DATA SUPPLIED.
▬▬▬▬▬▬
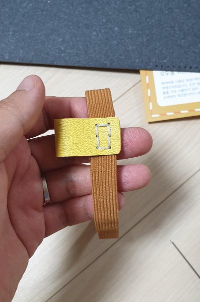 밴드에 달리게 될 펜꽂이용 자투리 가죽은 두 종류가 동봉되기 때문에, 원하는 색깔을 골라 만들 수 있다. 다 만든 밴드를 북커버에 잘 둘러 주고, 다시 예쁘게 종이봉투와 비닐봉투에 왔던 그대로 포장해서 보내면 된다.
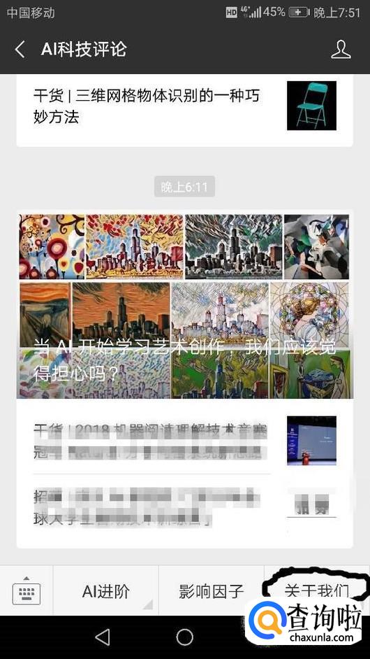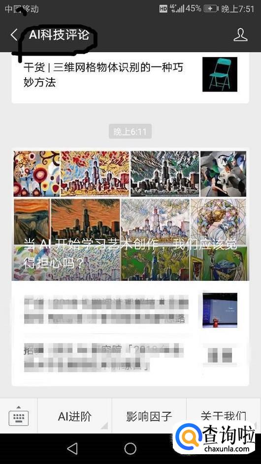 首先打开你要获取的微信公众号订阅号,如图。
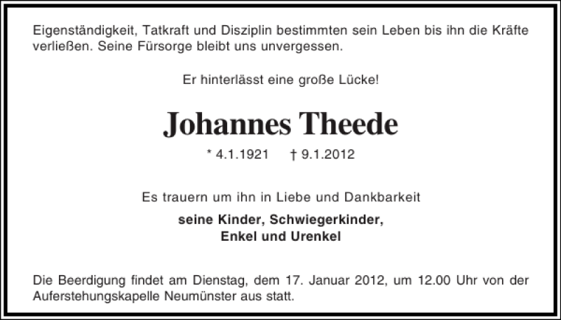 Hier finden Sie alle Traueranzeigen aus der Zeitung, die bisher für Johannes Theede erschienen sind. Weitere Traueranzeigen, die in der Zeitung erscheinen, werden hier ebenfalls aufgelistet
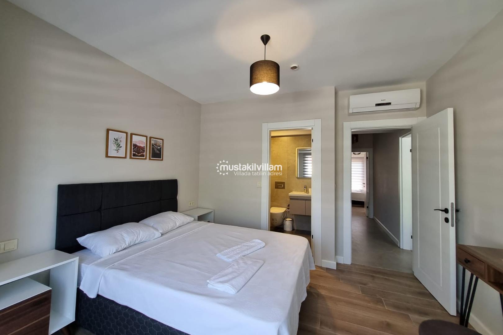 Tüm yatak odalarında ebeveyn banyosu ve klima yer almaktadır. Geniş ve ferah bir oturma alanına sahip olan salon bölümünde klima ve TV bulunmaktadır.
▬▬▬▬▬▬
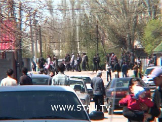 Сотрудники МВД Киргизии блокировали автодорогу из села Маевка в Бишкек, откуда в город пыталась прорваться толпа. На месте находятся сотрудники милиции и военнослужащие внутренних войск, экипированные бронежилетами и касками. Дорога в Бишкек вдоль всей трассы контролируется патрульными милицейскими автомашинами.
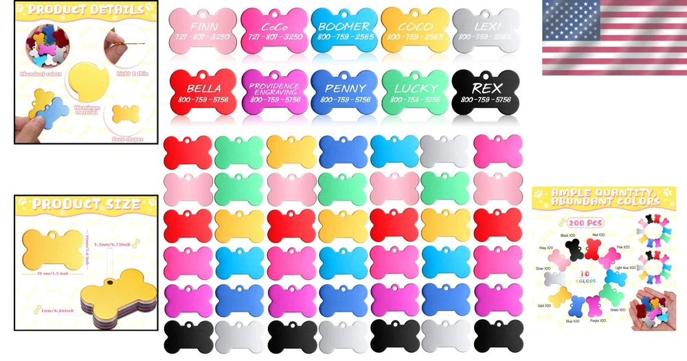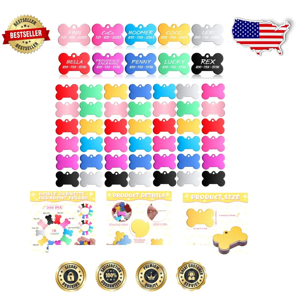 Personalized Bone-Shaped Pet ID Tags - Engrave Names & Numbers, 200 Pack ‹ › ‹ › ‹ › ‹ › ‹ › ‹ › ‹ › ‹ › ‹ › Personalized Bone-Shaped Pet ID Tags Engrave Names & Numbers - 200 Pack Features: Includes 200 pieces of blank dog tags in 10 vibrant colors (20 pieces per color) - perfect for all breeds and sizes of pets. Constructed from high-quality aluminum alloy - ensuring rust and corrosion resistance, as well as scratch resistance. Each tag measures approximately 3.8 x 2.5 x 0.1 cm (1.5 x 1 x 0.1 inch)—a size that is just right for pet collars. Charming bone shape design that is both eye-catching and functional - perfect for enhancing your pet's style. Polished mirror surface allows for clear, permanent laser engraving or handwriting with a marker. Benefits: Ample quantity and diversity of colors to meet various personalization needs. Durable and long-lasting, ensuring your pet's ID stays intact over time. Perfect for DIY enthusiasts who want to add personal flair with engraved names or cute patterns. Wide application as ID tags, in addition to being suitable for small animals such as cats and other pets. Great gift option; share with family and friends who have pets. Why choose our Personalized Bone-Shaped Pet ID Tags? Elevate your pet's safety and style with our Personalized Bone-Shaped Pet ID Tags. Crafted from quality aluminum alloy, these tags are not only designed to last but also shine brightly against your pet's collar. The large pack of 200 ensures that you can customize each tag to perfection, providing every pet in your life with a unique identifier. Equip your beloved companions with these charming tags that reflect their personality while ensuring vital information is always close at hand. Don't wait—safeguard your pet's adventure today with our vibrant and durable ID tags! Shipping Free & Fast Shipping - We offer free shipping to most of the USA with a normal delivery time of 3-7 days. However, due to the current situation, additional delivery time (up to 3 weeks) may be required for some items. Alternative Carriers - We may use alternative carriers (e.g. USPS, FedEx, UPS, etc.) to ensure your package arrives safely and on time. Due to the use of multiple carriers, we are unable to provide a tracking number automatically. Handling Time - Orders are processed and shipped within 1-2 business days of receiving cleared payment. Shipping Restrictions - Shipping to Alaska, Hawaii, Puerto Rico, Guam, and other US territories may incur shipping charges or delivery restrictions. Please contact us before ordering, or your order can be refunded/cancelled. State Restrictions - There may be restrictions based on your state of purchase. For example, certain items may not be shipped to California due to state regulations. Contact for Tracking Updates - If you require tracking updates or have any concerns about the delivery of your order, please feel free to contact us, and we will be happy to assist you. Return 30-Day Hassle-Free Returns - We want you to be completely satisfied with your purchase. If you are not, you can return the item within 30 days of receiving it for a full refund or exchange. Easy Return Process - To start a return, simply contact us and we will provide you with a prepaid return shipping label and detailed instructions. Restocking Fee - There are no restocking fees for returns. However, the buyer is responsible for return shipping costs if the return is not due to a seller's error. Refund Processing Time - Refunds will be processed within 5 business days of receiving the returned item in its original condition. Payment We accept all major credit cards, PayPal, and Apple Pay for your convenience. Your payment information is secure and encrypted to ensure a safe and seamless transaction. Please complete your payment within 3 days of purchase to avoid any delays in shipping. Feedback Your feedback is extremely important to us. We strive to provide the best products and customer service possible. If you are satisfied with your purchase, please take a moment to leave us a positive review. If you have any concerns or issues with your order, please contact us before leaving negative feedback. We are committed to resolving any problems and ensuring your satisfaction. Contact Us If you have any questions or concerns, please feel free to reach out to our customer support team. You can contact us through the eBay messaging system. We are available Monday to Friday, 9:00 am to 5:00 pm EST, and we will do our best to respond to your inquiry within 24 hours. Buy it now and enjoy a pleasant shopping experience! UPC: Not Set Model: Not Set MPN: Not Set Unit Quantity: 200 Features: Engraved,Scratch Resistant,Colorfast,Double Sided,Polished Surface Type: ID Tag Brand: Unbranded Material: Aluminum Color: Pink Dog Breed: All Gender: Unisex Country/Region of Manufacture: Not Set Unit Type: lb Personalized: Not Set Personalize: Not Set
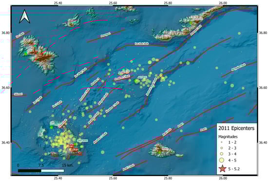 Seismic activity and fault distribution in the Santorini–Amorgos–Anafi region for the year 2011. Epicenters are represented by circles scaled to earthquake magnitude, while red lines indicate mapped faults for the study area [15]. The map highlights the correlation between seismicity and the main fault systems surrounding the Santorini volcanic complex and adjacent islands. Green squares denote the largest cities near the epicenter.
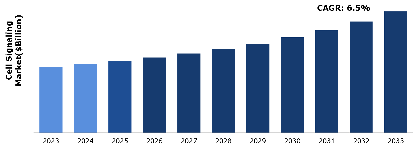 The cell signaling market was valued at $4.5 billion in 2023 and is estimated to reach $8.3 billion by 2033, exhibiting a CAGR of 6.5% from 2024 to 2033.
▬▬▬▬▬▬
REQUIRED WORK.
Although the records hold pictures, the copy must not; give again exactly the lines from the one with "밴드에 달리게 될 펜꽂이용" through the one with "Tüm yatak odalarında".

PROBLEM SOLUTION.
 밴드에 달리게 될 펜꽂이용 자투리 가죽은 두 종류가 동봉되기 때문에, 원하는 색깔을 골라 만들 수 있다. 다 만든 밴드를 북커버에 잘 둘러 주고, 다시 예쁘게 종이봉투와 비닐봉투에 왔던 그대로 포장해서 보내면 된다.
 首先打开你要获取的微信公众号订阅号,如图。
 Hier finden Sie alle Traueranzeigen aus der Zeitung, die bisher für Johannes Theede erschienen sind. Weitere Traueranzeigen, die in der Zeitung erscheinen, werden hier ebenfalls aufgelistet
 Tüm yatak odalarında ebeveyn banyosu ve klima yer almaktadır. Geniş ve ferah bir oturma alanına sahip olan salon bölümünde klima ve TV bulunmaktadır.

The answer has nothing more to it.